= Problem to solve =
If a line below contains "parte", count it. Report the final total and nothing more.

======== Task data ========

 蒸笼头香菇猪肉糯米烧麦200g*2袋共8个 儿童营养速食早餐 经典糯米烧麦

========
======== Task data ========

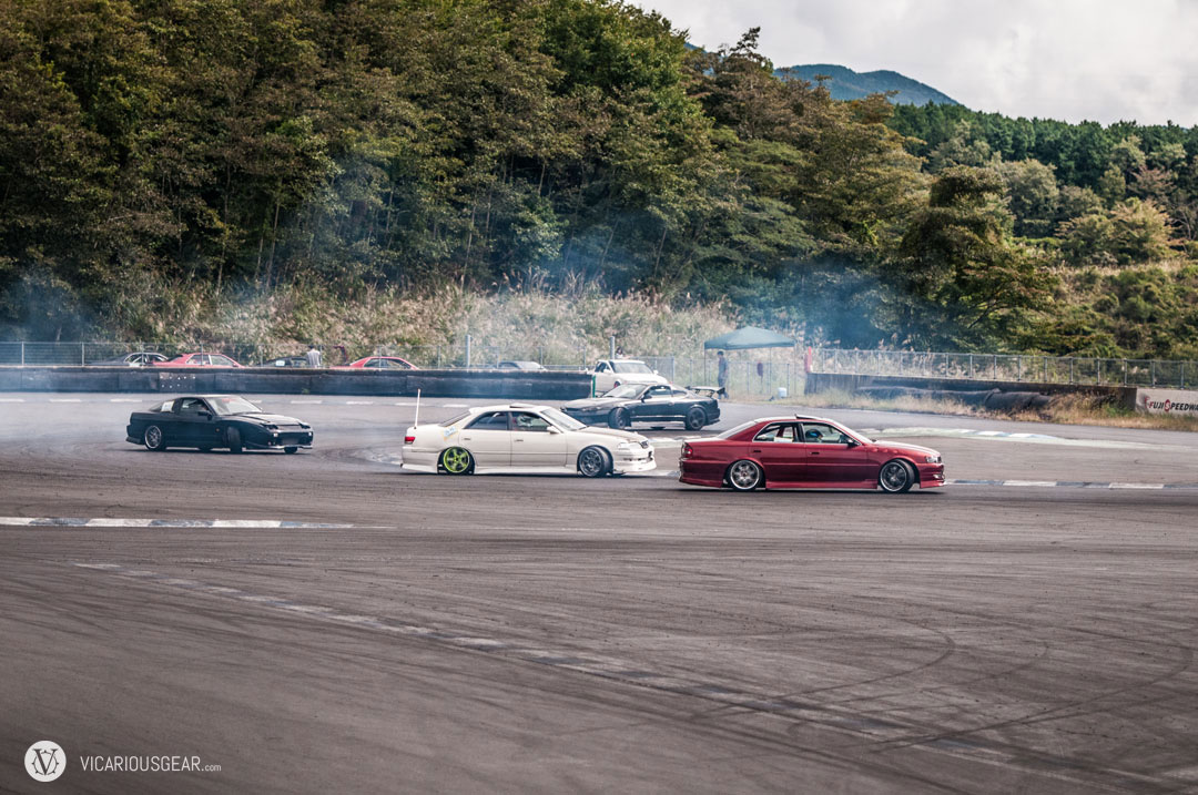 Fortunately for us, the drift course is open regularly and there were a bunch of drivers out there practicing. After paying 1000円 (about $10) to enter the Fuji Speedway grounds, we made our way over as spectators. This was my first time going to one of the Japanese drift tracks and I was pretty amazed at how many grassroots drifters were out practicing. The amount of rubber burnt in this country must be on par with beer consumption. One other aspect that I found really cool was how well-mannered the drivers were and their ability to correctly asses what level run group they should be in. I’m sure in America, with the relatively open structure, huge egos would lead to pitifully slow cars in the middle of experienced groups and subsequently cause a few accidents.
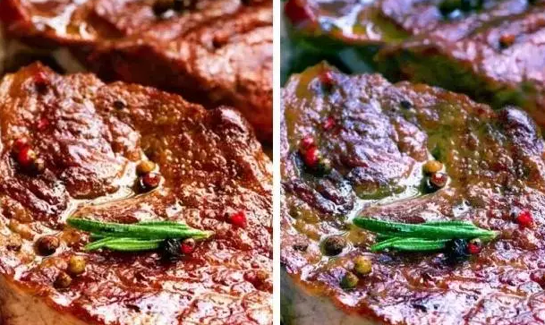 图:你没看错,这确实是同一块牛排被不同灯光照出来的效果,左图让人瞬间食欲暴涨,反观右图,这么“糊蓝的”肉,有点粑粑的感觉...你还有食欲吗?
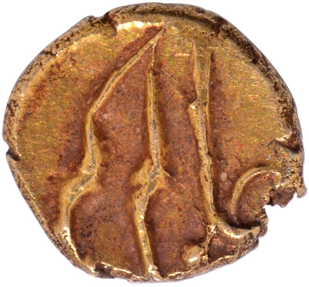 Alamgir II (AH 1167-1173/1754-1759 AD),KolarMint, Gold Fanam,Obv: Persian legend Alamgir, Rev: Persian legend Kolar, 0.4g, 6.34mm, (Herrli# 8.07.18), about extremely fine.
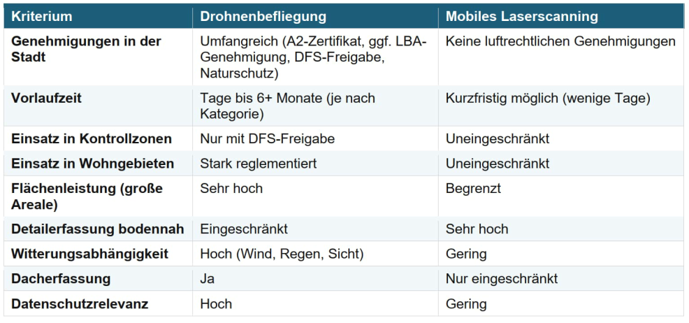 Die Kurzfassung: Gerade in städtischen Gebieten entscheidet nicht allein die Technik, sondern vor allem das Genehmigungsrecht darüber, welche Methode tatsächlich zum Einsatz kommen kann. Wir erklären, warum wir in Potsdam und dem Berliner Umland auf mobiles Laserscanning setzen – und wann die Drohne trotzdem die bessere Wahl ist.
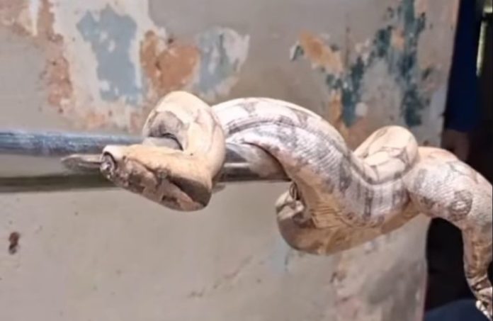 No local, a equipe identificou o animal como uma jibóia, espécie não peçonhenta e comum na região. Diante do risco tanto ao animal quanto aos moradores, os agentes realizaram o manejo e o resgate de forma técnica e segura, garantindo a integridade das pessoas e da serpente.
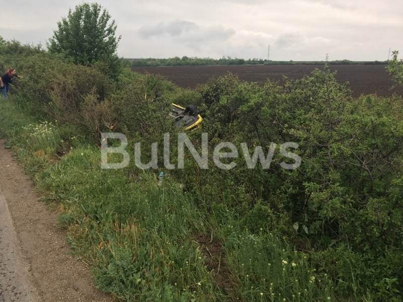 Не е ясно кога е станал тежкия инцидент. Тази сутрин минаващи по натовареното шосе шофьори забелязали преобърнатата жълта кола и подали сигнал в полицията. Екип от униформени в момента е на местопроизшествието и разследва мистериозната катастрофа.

========
======== Task data ========

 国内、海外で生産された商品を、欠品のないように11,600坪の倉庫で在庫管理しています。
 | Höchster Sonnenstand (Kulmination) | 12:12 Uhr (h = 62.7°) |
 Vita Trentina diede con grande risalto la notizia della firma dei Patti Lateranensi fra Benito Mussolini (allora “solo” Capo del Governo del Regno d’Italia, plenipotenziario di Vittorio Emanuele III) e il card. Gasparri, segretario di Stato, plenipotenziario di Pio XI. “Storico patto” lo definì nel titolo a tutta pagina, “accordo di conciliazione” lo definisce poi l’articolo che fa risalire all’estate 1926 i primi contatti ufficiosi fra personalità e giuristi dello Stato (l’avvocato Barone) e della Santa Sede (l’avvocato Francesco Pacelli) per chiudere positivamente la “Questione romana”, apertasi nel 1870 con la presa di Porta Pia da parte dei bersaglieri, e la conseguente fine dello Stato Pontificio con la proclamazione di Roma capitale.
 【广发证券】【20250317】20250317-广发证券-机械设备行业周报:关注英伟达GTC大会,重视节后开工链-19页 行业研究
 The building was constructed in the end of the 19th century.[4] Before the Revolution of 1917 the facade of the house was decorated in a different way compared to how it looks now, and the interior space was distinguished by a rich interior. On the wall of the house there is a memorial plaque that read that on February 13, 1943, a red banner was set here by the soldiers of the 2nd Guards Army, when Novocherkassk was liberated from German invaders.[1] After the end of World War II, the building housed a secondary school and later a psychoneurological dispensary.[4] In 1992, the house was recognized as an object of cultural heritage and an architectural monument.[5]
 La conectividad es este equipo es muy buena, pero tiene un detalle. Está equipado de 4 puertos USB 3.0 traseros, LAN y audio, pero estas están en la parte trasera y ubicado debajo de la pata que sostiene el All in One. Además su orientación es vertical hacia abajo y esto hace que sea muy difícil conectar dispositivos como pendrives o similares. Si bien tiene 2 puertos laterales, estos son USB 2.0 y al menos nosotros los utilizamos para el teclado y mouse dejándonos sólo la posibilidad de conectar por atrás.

========

= Task response =
2